Naive Bayesian algorithm based on statistical learning method

Source: Internet
Author: User

What you need to know is when you can use naive Bayesian algorithms: you need to ensure that feature conditions are independent.

The main process is to learn the joint probability distribution of input and output.

When predicting, the output y corresponding to the post-test probability can be obtained according to the input.

Prior probability: The output is known and the input is obtained. The posterior probability is reversed.

In simple terms, the Naive Bayes algorithm, after learning the sample, gives the maximum probability of Y, given x when it is time to make a decision. This is essentially a typical posteriori probability model. However, the algorithm of the model is pushed up, and the prior probability calculation is also used. But note: The final naïve Bayesian is a posteriori probability model for P (y|x).

The posteriori probability model has one benefit, which is the equivalent of minimizing the expected risk. This is a good understanding that the Y I have achieved is the greatest probability of all possibilities. Then the risk of my choosing to take the wrong is naturally reduced.

  

Parameter estimation

It's time to select the parameters.

Estimate process:

1> the probability of determining the different values of Y

2> calculates the probability of x|y at different values of Y.

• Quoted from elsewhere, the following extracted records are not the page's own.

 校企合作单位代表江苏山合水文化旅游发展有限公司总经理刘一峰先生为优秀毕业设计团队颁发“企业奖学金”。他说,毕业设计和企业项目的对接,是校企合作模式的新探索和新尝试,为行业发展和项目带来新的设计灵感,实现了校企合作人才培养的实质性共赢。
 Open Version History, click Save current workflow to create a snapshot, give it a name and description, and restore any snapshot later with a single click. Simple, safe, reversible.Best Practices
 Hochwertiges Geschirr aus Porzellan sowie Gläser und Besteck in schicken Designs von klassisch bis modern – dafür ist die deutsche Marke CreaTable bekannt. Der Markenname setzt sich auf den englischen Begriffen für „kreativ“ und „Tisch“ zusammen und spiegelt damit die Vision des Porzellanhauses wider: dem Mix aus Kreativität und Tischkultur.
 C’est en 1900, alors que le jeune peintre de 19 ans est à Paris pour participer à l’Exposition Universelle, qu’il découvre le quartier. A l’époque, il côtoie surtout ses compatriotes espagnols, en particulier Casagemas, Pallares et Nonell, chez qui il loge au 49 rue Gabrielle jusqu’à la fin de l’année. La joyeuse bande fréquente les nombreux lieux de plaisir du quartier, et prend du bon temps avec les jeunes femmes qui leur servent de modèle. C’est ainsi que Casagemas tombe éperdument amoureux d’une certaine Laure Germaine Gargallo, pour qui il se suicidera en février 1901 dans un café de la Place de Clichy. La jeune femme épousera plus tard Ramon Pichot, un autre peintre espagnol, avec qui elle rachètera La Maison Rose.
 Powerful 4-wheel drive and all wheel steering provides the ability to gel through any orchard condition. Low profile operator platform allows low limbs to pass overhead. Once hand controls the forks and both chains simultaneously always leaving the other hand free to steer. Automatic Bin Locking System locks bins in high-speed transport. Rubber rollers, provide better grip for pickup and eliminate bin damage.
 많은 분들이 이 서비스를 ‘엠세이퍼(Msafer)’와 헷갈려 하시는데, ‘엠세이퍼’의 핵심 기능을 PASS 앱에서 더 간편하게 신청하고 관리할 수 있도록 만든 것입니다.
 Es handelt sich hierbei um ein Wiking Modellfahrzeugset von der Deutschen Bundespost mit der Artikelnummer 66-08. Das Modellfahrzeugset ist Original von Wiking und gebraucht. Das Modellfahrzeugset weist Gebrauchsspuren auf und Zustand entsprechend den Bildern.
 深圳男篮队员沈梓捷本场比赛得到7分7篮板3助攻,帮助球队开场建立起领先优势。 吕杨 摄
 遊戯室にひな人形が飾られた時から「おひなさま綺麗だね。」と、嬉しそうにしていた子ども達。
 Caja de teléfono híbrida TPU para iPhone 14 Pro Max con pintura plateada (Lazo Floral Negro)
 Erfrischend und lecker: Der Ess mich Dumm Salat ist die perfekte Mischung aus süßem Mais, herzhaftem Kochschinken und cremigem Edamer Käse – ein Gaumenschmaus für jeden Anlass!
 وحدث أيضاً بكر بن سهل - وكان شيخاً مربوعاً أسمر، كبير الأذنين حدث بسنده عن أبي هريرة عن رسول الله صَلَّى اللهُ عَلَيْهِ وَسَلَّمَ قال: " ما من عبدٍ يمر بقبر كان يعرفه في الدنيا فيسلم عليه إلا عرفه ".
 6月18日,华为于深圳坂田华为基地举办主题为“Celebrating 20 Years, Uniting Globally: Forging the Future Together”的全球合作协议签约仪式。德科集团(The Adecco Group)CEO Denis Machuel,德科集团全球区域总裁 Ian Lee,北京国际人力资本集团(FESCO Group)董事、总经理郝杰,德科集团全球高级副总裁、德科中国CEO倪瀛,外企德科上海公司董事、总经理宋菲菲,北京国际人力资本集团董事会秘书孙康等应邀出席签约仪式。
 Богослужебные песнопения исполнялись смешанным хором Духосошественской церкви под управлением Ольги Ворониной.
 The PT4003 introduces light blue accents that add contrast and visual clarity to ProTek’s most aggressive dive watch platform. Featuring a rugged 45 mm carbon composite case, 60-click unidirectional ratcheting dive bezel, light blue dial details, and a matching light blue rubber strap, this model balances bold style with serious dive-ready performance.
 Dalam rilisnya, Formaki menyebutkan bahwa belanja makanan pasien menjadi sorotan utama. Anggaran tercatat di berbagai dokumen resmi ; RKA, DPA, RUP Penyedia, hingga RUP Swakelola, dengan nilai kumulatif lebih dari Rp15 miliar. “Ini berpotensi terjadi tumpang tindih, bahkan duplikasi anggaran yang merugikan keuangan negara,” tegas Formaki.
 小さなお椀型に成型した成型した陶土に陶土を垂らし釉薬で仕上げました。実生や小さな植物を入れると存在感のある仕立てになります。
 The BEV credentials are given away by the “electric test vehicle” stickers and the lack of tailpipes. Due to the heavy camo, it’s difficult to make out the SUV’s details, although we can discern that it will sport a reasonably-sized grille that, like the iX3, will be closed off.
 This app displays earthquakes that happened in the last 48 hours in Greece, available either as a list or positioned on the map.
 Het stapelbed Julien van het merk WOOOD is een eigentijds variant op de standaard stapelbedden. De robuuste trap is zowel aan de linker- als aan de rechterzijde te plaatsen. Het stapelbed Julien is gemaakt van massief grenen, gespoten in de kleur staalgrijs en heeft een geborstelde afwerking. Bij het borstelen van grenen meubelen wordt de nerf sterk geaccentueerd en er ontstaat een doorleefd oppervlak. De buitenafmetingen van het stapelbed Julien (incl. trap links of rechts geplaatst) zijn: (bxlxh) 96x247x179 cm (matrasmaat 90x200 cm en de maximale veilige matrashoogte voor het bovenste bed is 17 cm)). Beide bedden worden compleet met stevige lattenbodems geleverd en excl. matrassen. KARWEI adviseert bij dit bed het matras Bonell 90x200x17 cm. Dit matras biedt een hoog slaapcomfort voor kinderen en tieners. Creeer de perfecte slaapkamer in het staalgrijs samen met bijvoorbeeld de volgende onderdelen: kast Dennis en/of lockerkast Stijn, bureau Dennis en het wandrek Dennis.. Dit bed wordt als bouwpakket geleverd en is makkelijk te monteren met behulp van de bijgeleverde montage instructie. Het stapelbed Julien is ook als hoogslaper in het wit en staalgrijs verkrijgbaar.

3> a posteriori probability formula.

Laplace Smoothing:

P (Y) and P (x|y) should be Laplace smoothed at the time of calculation. Because naive Bayes is independent of the same distribution. P (xj|y) when an item is 0. The entire function formula value is all 0. This is extremely problematic. So it is very necessary to do Laplace smoothing.

Advantages:

Very good for small-scale data, suitable for multi-classification tasks, suitable for incremental training.

Disadvantages:

The number of supported features is relatively small. Because of the number of features, it is more difficult to ensure that all characteristics are independent of the same distribution. is particularly sensitive to input data. If the number of inputs is small, it is likely that one of the data will change the result.

Naive Bayesian algorithm based on statistical learning method

Contact Us

The content source of this page is from Internet, which doesn't represent Alibaba Cloud's opinion; products and services mentioned on that page don't have any relationship with Alibaba Cloud. If the content of the page makes you feel confusing, please write us an email, we will handle the problem within 5 days after receiving your email.

If you find any instances of plagiarism from the community, please send an email to: info-contact@alibabacloud.com and provide relevant evidence. A staff member will contact you within 5 working days.

A Free Trial That Lets You Build Big!

Start building with 50+ products and up to 12 months usage for Elastic Compute Service

  • Sales Support

    1 on 1 presale consultation

  • After-Sales Support

    24/7 Technical Support 6 Free Tickets per Quarter Faster Response

  • Alibaba Cloud offers highly flexible support services tailored to meet your exact needs.